DOVER, Del. (BVM) — A spring football season was going to be difficult for the Wesley College Wolverines regardless of any other off-the-field issues. However, with the announcement by Wesley College President Robert Clark that the Delaware State University Leadership decided not to continue the Division III athletic program at Wesley following the university’s acquisition of the school in July of last year and plan to integrate the school into the DSU community this July, it has gotten even harder.
The news came as a shock to many, even the college’s president.
“When the decision came, heartbroken and dismayed is an understatement,” Clark said. “I don’t have the answers. It doesn’t necessarily make sense to me.”
Clark added that Wesley College will help student-athletes, which makes up roughly 40% of the undergraduate population according to the president, and athletics staff members with their transition either to DSU or elsewhere, fully supporting their endeavors for the future.
“As soon as the decision was made, my focus was laser on my coaches, my administrators, my student-athletes to make sure that we could provide the best experience this year and also ensure the student-athletes transition to a place that benefits from their talents, but more importantly they benefit educationally,” Clark said.

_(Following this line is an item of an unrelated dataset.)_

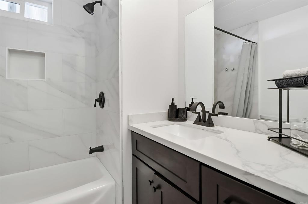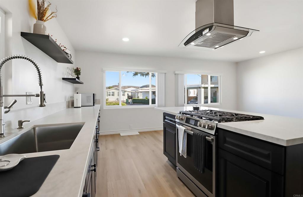 Welcome to your beautiful move-in ready home!! A stunning, fully updated home located on a desirable corner lot with only one neighbor on one side. Step inside and fall in love with the bright, modern design and thoughtful upgrades throughout. This home features new vinyl flooring, central air and heat with a brand-new furnace and vents, and all-new windows that fill the space with natural light. The kitchen has been completely renovated with real wood cabinetry, quartz countertops, a brand-new stove and hood, and modern lighting and finishes that create a warm, inviting atmosphere. The living room and kitchen feature new drywall, giving the home a fresh and solid feel. The fully remodeled bathroom includes tile flooring, a tiled shower with a new tub, updated drywall, and modern fixtures throughout. Additional updates include a freshly recoated roof, new interior and exterior paint, and a newly rebuilt redwood front porch. Perfect for relaxing outdoors. The property also offers a concrete carport with parking for two vehicles and two convenient storage sheds. Don’t miss this move-in-ready gem offering modern comfort and quality craftsmanship in a peaceful Santee community!

For Delaware State, the university said it made all efforts to continue the program, hosting privately funded investigations into the possibility of maintaining two athletics programs, but found that it was not in the best interest of the school’s goal to provide affordable higher-education for community members.

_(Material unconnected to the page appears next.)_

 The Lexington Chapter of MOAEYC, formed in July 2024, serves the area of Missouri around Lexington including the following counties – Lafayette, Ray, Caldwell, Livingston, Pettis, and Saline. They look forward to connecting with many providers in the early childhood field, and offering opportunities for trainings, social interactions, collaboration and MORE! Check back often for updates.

“We recognize the deep disappointment that the Wesley College community is feeling after that announcement,” DSU President Dr. Tony Allen said in a statement released to the Delaware State and Wesley College communities. “It was not an easy decision. Wesley College athletes and coaches across the board have carved out a proud tradition in DIII sports, and we made every effort to consider its long-term sustainability.”
In the middle of all this is the Wolverines football program. With the New Jersey Athletic Conference’s recent decision to play a spring football season this year, it will mark the final time the Wolverines team takes the field. As one of the most successful sports programs in the school since the university joined the Division III level in the 1980s, the unique spring season will be a fitting sendoff for a team that has meant so much to a campus community.

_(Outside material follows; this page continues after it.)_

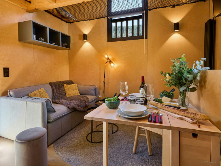 Le chalet Sideflip est compact et fonctionnel, offrant à une famille de quatre personnes tous les équipements disponibles dans un grand chalet. Attention, l’accès à la mezzanine par une échelle n’est pas recommandé aux jeunes enfants, mais les adolescents adoreront cet espace, qui est équipé d’un filet permettant d’observer la pièce du dessous.

“We talked about this being a possibility,” head football coach Chip Knapp said. “I likened it to having a terminally ill family member where you’re kind of hoping for a miracle cure and you’re waiting and it just never comes. It’s like a family member passed away. It was a very somber kind of serious mood when we announced it to the team.”
Over their roughly 40 years at the Division III level, the Wolverines had a number of national successes including making the national semifinal game six times and having two former players win the Gagliardi Trophy, given to the Division III national player of the year. The team has also produced a pair of NFL players including current Atlanta Falcon Matt Gono.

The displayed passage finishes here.